Serra wrote:Three, do you mean Drum Rack into battery as in Live's Drum Rack? What exactly are you doing here? tks
yeah, drag the samples out and dump them into battery. if there's one plugin in the world that simply has no competition, it's battery.
ableton's drum racks are the first thing that comes close, but their interface is microscopic. i feel like i should be using tweezers.
anyway, at the end of the day, a drum kit consists of:
- a pile of samples, between about 6 and 900 depending if you were using some exotic multi-sampled kit
- an envelope for each of those samples
- way more processing than the kit ever needed, because you were (or i was) tweaking it everytime the synth line or the bass line changed or whatever.

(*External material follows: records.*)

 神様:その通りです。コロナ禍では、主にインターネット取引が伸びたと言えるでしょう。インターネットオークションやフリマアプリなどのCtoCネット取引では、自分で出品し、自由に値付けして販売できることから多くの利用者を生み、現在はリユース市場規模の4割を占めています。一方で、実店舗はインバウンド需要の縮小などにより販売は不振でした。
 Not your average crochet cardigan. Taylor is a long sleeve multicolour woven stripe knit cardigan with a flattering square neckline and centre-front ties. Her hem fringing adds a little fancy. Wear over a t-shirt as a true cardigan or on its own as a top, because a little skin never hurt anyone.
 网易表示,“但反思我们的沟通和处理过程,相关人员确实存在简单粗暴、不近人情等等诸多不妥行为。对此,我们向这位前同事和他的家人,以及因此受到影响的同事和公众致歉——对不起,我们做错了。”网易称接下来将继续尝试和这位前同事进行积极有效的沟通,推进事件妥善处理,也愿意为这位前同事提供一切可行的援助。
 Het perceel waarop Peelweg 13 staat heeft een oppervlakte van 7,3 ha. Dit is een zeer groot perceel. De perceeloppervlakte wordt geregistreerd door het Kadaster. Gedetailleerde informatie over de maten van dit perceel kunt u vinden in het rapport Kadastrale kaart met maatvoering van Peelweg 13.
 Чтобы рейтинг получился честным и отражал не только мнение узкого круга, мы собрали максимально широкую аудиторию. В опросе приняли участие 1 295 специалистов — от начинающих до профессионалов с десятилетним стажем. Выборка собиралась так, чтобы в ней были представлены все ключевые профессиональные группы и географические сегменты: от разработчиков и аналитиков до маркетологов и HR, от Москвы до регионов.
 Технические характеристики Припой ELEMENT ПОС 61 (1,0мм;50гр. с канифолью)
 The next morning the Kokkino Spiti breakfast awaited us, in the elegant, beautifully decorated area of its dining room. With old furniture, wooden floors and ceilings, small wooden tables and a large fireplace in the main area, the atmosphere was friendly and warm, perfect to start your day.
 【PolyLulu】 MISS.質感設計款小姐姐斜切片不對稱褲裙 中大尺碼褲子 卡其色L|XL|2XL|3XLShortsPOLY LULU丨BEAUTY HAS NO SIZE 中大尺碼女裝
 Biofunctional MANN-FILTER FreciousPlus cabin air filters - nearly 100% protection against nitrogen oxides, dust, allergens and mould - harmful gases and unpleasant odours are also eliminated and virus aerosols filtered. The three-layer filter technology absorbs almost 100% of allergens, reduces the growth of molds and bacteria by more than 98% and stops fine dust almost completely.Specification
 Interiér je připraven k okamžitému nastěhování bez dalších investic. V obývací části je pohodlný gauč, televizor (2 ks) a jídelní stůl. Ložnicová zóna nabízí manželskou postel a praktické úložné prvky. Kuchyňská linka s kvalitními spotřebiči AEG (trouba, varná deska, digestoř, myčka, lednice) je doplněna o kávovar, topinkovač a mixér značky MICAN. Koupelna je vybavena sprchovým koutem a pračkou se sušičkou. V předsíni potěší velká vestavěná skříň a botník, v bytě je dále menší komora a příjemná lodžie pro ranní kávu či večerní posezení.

i mean ,who goes back every time they cut a synth line to check whether the drum envelope was changed to accomodate that part? exactly. but we tweak the drums all the time to fit with the rest. so, now we make the snare a bit snappier, oops, now it;s too snappy, dull it down again ... or just undo both and it probably sounds better.
so yeah, it's become sort of a ritual to move the kit from drum rack to battery. (i like drum racks cause they're fast, and you can organize them on the fly. i tend to drop big handfulls of possible hat or snare sound into my drum rack, while i'm working on a track i'll test out alternative sounds a lot, try and get the sound design to fit) so the transition to battery purges all the ballast from the drum kit and, most importantly:
it's a chance to retune the drums. by tune, i mean adjust the envelope. a/d/s/r is 99.9% of a good kit sound, and the other .1% is remembering not to over-compress it. (Protip: I have a yellow sticky note on my door that says "turn the damn compressor off" - in the early stages when a track is just coming together there's no reason to spend a lot of time tweaking level on drum sounds that might get kicked out 10 minutes later, but for a final track try to use the envelope to get your kit sounding how you want it. and THEN, you're using the compressor as a tool for sound design in places where a compressed sound is a good sound and not as a crutch to fix that overly agressive bass line or the odd too-punchy-and-yet-strangely-not-punchy-enough kick drum.
oh well, this is getting really long, so that was my extended theory on working effectively with drum sounds.
(btw: a lot of people tell me that's retarded, that they prefer to just get it right the first time, but at least for me a track changes so much in the course of production, that the original cut ends up as the "alternate take" or "remix material" or whatever only. ok, now i'm really done.)